It is almost taken for granted today that plastic surgeons are artists [1]. Our textbooks are often titled “The Art of Plastic Surgery .” Plastic surgery offices may resemble fine art galleries. With some hubris, plastic surgeons cultivate the public perception that we are artists [2]. Goldwyn [2], longtime former editor of Plastic and Reconstructive Surgery , joked about wishing he were wearing a beret and a paint-spotted frock when asked by a patient if he paints in his spare time.

A recent editorial asks plastic surgeons: which type of artist are you, Michelangelo or Da Vinci? [3]. In reality, the talents of these Renaissance artists might not have been well suited for surgery, which is an empirically based discipline with little use for Neo-Platonism . Being one with a universal force is of limited practical use when it comes to deciding how far to undermine a flap or how much fat to inject. No doubt these legends would have lacked humility, a quality bestowed by the hard experience of surgery, which imposes its own set of limitations and unpredictability on the outcome.

Importantly, neither Michelangelo nor Da Vinci was trained in the scientific method. Michelangelo rejected schooling [4]. Guided by a mystical Neo-Platonic philosophy that was in vogue in Florence at the time, Michelangelo famously claimed that he was releasing the beings captured within the stone [5]. Great as he was, few surgeons would want Michelangelo to be their surgeon, chipping away and trying to liberate a human form in their body, believing he was uniquely touched by genius and divinely inspired [1]. It is not reassuring that Michelangelo had no use for measurements, perhaps explaining why David’s hands, particularly the right hand, are disproportionately large, or perhaps that was intentional (at least that is the contemporary spin) [6]. Unfortunately, by considering themselves artists, plastic surgeons may think that evidence-based medicine does not apply to aesthetic surgery.
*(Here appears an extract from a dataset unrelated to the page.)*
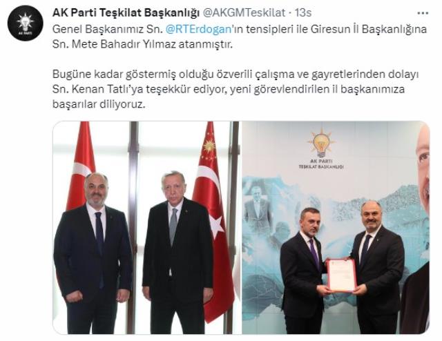 Buna göre Erzurum İl Başkanlığına İbrahim Küçükoğlu, Gümüşhane İl Başkanlığına Mehmet Emin Erdoğdu, Giresun İl Başkanlığına Mete Bahadır Yılmaz, Kocaeli İl Başkanlığına Şahin Talus ve Mersin İl Başkanlığına Adem Aldemir atandı.

They may believe, if Michelangelo did not measure his results, why should I? [7]

Galileo, a century later, would finally decouple religion and science, famously saying that God would not have given him the capacity for reason if not for him to use it. In doing so, he helped create the scientific method. Remarkably, Galileo had the insight to reject institutional authority, the humility to subject his ideas to experiments, the diligence to see them through, and the courage to risk his life defending unorthodox findings [1]. Galileo revealed the limitations of intuition. For example, it seemed clear to everyone that a heavier object would fall to the ground faster than a light one. Galileo’s experiments disproved that popular notion [8].
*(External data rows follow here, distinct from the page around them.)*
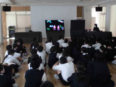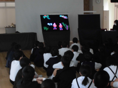 今日は、図書ボランティアさんによるブラックシアタ―がありました。
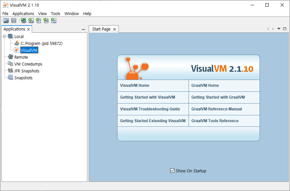 - visualvm 압축 푼 폴더로 이동 후 아래 명령어 실행
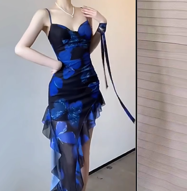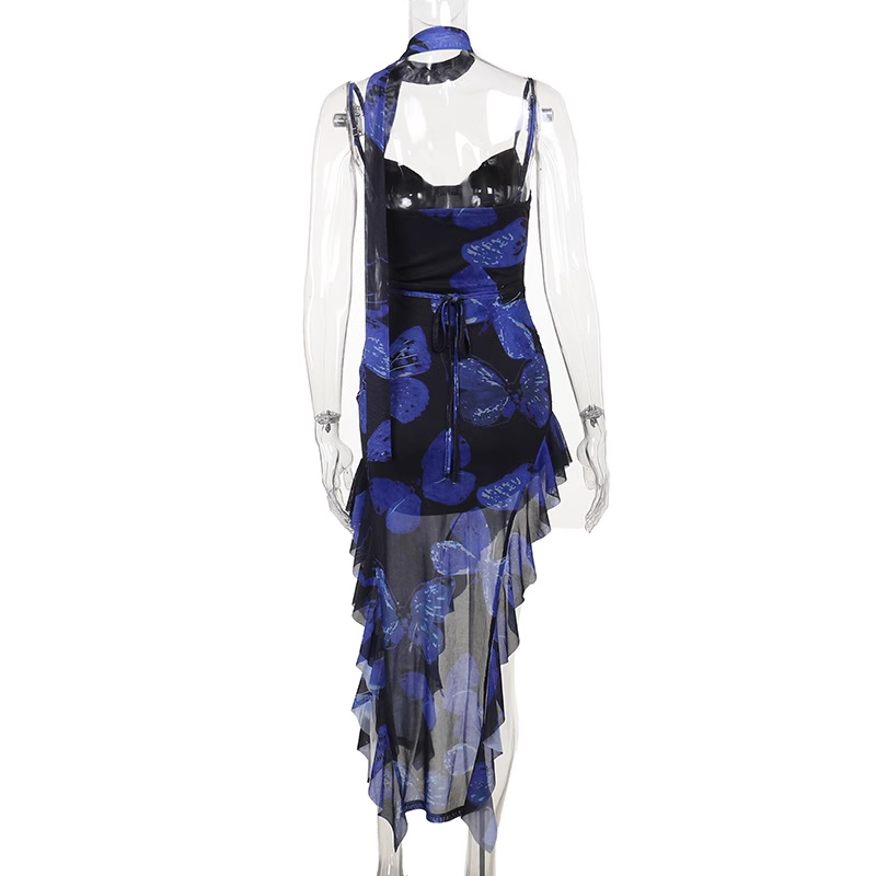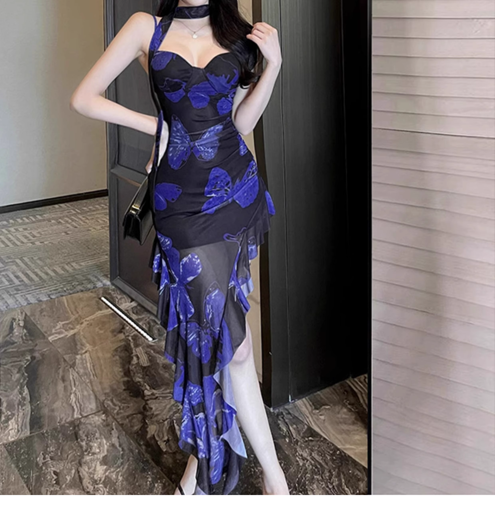 Romantic Blue Print Holiday Straps Irregular Mermaid Backless Vacation Dress Party Dress YM2135

Artists rely on their intuition as a guide. Scientists are trained to question it, aware that the road to ruin is paved with good intuitions. The famed seventeenth-century mathematician and philosopher René Descartes famously commented that doubt is the origin of wisdom [9]. For example, it may be intuitive that manipulating breast tissue can improve upper pole fullness. Only measurements can prove otherwise [10]. Clinical decision-making based on intuition and first principles remains common today, and the need for scientific validation is no less than it was four centuries ago. Ultimately, intuition must give way to the facts.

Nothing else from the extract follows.